As party to the UNCRC since 1991 the UK has a legal obligation to ensure that all domestic legislation is compatible with the international agreement, yet the UK has done little to collectively make children’s rights a priority through legislation. Thus, devolved UK nations, including Scotland, have individually made political and legal commitments to further entrench children’s rights in line with the UNCRC, including the First Minister’s pledge to incorporate the UNCRC into Scots law. This pledge set in motion variable activities to determine what this means and how best this is to be achieved in Scotland. To that end, in May 2019 Scottish Government opened a consultation on the best model for incorporation of the UNCRC. A key difficulty is that very few law and policymakers, not to mention the general public, have ever had the opportunity to go through the technicalities of incorporating a human rights treaty into national law.

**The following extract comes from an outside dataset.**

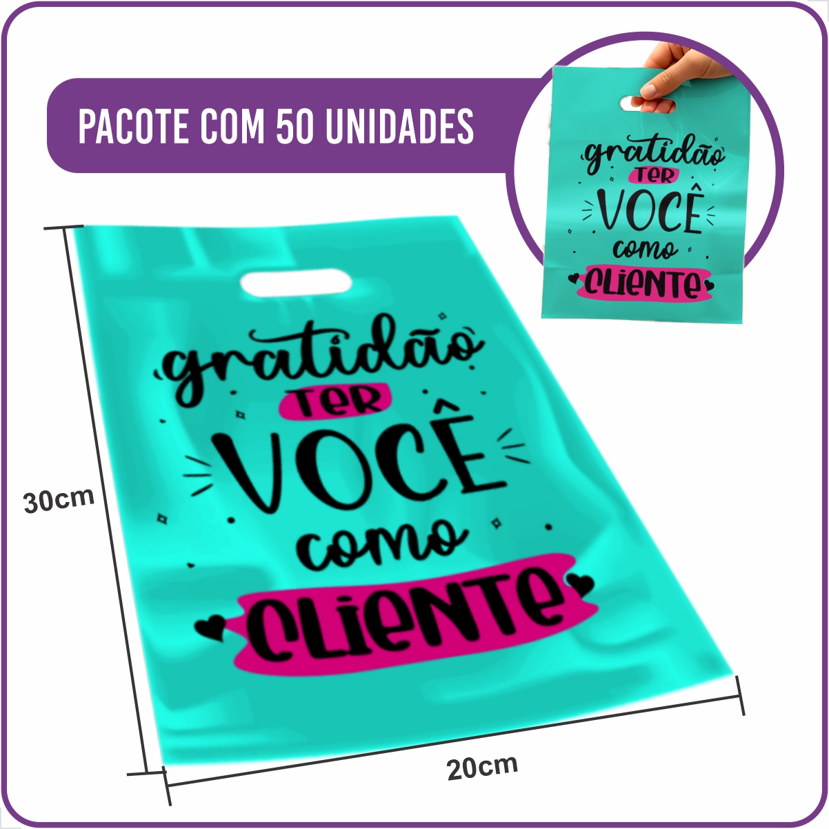 Pacote com 50 Unidades - Plástico Virgem
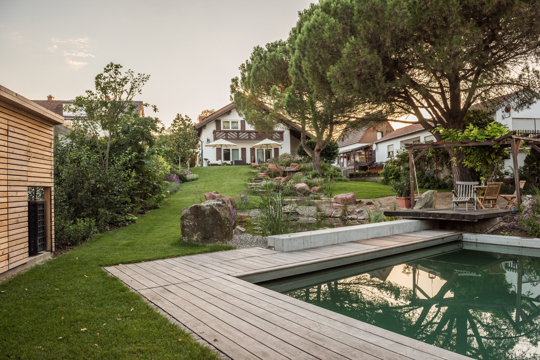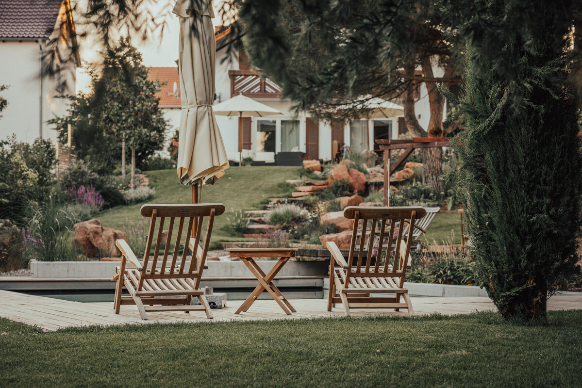 Das Zusammenspiel aus markanten Hochstämmen und weitläufigen Staudenflächen lässt das längliche Grundstück deutlich breiter wirken und vermittelt ein Gefühl von gewachsener Weite. Ein „fliegender Freisitz“ aus Hartholz, der über das Wasser ragt, setzt einen architektonischen Akzent. Die Technik bleibt im Hintergrund: Eine vollautomatisierte Bewässerung über die Hunter-Hydrawise App nutzt den vorhandenen Brunnen und versorgt den Garten smart und ressourcensparend, sodass die Ästhetik der Anlage ohne Pflegeaufwand im Vordergrund steht.

A simple explanation of incorporation of a human rights treaty is that it is a narrow conception of human rights implementation, which ensures direct application and enforceability of the rights in national law. ‘Direct application’ means that the UNCRC provisions are capable of being invoked in national courts and must be applied by government institutions. ‘Enforceability’ generally refers to the availability of institutions, such as courts or other administrative agencies, and procedures to provide a remedy for the breach of a right. ‘Direct incorporation’ means that the international treaty will form part of national law through a process of transformation or transposition and therefore be binding on public agencies and enforceable in court.

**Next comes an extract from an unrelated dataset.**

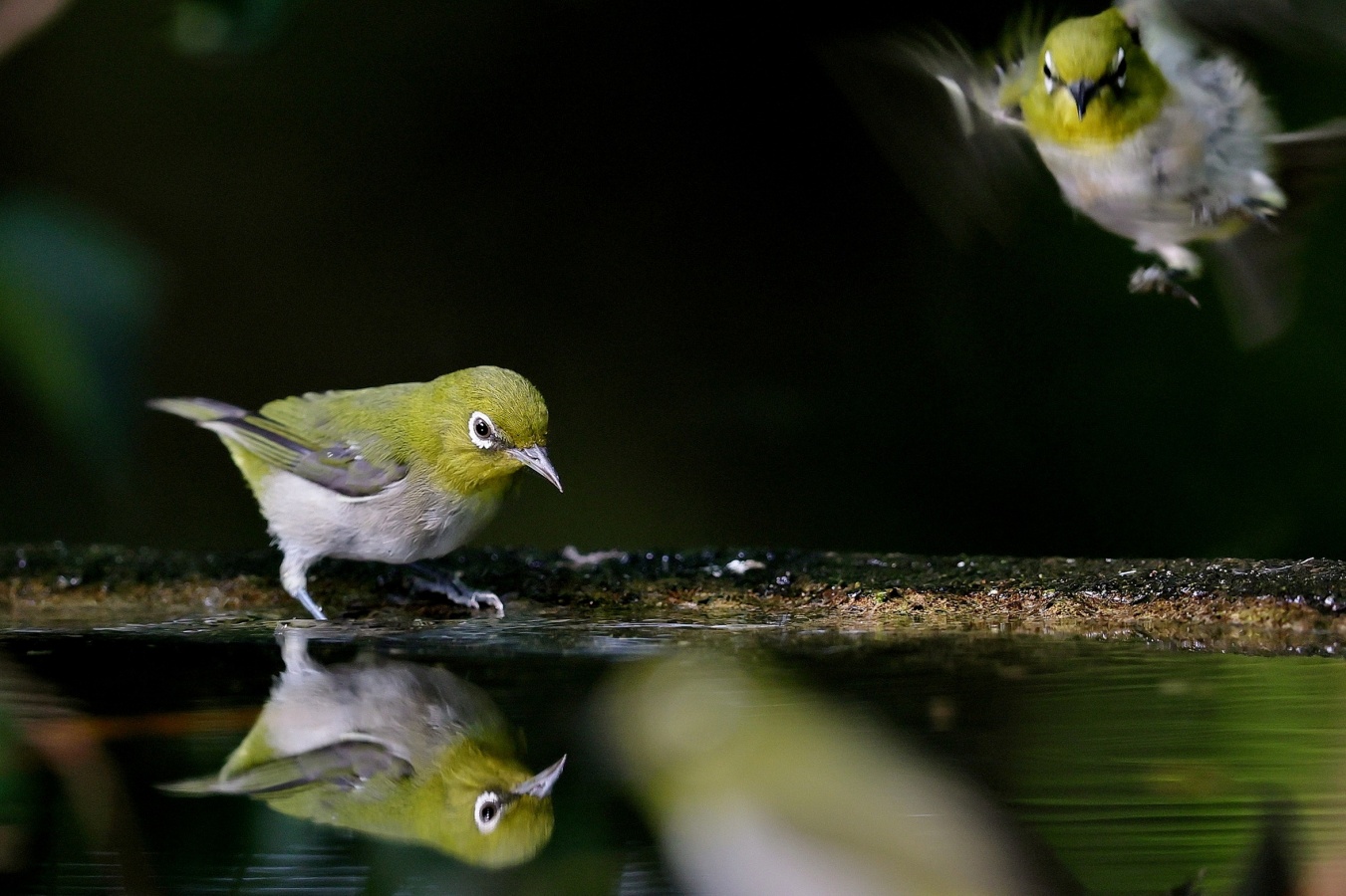 ありふれた鳥さんしか居ません……わざわざ重たい大砲を持ち出したのに~お馴染”水場のメジロ君です1~(笑)

The Consultation Paper presents two primary models for UNCRC incorporation, including direct incorporation or a ‘redrafted’ model – what the Government has termed ‘transposition’ (the all-encompassing Statutory human rights framework will not be discussed). While the consultation paper correctly notes that there is no single method of implementation, implementation and incorporation are two different legal concepts. Direct incorporation is the first step toward effective implementation while implementation represents the collective legal, policy and social initiatives that support the realisation of a right.
As has been consistently advocated by the Children and Young Peoples Commissioner for Scotland and the expert advisory group that has been working with the CYCPS, full and direct incorporation is the preferred model for realising children’s rights in Scotland. The draft Children’s Rights (Scotland) Bill was developed by a committee of experts on both children’s rights, Scots law and international law. The advisory group drew upon international children’s rights practice to craft the draft that is included in the Consultation Paper. It offers a framework of proactive and reactive components while incorporating the full text of the UNCRC into Scots law, defining the duty-bearers, the rights recipients and clarifying who may raise claims in the reactive sense if the government fails in its duties to children. It also acknowledges that devolved competence may limit the ability of the Scottish Government organs in certain circumstances and underscores that further detailed legislation will be necessary to give full effect to some of the rights.
The Consultation Paper demonstrates the confusion around incorporation as it uses the word ‘transposition’ incorrectly in introducing a second incorporation option. It is word that long has been used in the UK and internationally to identify legislative practice of taking a piece of international law – in this case the UNCRC – and embedding it directly into UK law much like the Human Rights Act model. ‘Transposition’ is not normally used to refer to the process of redefining the terminology of human rights conventions. Proposals to redraft the language of the UNCRC for the ‘Scottish context’ would result in unanchored, untested legalese as the UK courts have been referencing the legal opinions of the Committee on the Rights of the Child (which oversees the UNCRC) for a decade. Alternatively, the direct incorporation method has many advantages as it ensures the rights remain comparable to those in the UNCRC rather than a redrafted version, such as the ‘transposition’ option suggested in the consultation.
The UNCRC framework is a trusted reference point with an established, identifiable body of interpretive legal concepts and terminology not only in the UK but across the world. It gives extensive consideration to the basic needs of children across mainstream rights platforms as well as those children’s rights that are marginalised for any number of reasons. To be clear, the UNCRC is a floor, not a ceiling, and the language used in the Convention confirms that governments must do more than pay lip-service to the UNCRC. Direct incorporation is the key to fully delivering a legal landscape that promotes, protects and fulfils children’s rights and an environment where ALL children thrive.